Recognition for the four Wikipedia articles printed averaged an accuracy rate of about 63 per cent when just the input was analyzed and almost 70 percent when the HMM technology was employed. When two known living-will declarations were analyzed using HMM technology that had been finely tuned, the success rate was as high as 95.5 per cent.
The researchers said the most effective countermeasure is to block the sound of a printer using acoustic shielding foam. Their experiments showed that recognition rates drop precipitously if the distance between the printer and microphone is increased. Whereas their results were achieved with a distance of two centimeters, the rate dropped to about four per cent when the distance reached two meters.
Side-channel attacks, in which potentially sensitive data is leaked through emanations in electronic devices, are believed to have been employed as early as World War I, when the Germans spied on French field phone lines. In 1985, the first known attack was published when it was shown that electromagnetic radiation from CRT monitors could be used to reconstruct the words it displayed. The technique has since been used to fashion all kinds of attacks, including jimmying open keyless entry systems used to secure cars, garages, and office buildings.

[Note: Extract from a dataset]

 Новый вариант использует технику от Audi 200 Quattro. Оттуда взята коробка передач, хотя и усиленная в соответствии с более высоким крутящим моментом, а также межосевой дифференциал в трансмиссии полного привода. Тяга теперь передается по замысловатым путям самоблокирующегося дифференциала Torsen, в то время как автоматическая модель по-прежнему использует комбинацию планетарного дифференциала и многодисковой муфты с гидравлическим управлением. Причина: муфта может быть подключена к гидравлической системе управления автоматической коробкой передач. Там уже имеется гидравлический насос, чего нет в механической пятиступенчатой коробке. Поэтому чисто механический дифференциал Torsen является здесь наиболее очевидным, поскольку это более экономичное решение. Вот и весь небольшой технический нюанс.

The researchers are Michael Backes, Markus Durmuth, Sebastian Gerling, Manfred Pinkal, and Caroline Sporleder, members of the computer science and computer linguistic departments of Germany's Saarland University. A PDF of their paper is here. ®
Well there's a stroke of luck
And I only just threw out my DM printer too. Fifteen years ago.
Pedantic, I know
but legally, there is a difference between two copies printed at the same time using multi-part stationery, and two copies printed one-after-another. There is no guarantee that the two serially printed sheets are identical, because they could just be one print after another, with the second one slightly different. How would you know unless you minutely compared them?

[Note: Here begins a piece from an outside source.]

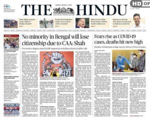 The Hindu, in its leads on Shah’s CAA comments (“No minority in Bengal will lose citizenship due to CAA: Shah”), says there was “hectic political activity”. The paper is the only one to highlight, in its lead paragraph, that “… a march of BJP supporters set off shock waves as they raised the incendiary ‘Goli Maro Salon Ko’ (Shoot the traitors) slogan in the heart of the city.”

And yes, I know that the lower copies in a multi-part *could* have been pre-printed, but that is why they come bound together with tear-off sprockets, so that you can tell whether the lower copy has been tampered with.
"the four Wikipedia articles printed averaged an accuracy rate of about 63 per cent"
Seems a tad higher than I expected.
Oh, wait ... Are you referring to the validity of the source material or the accuracy of the transcription?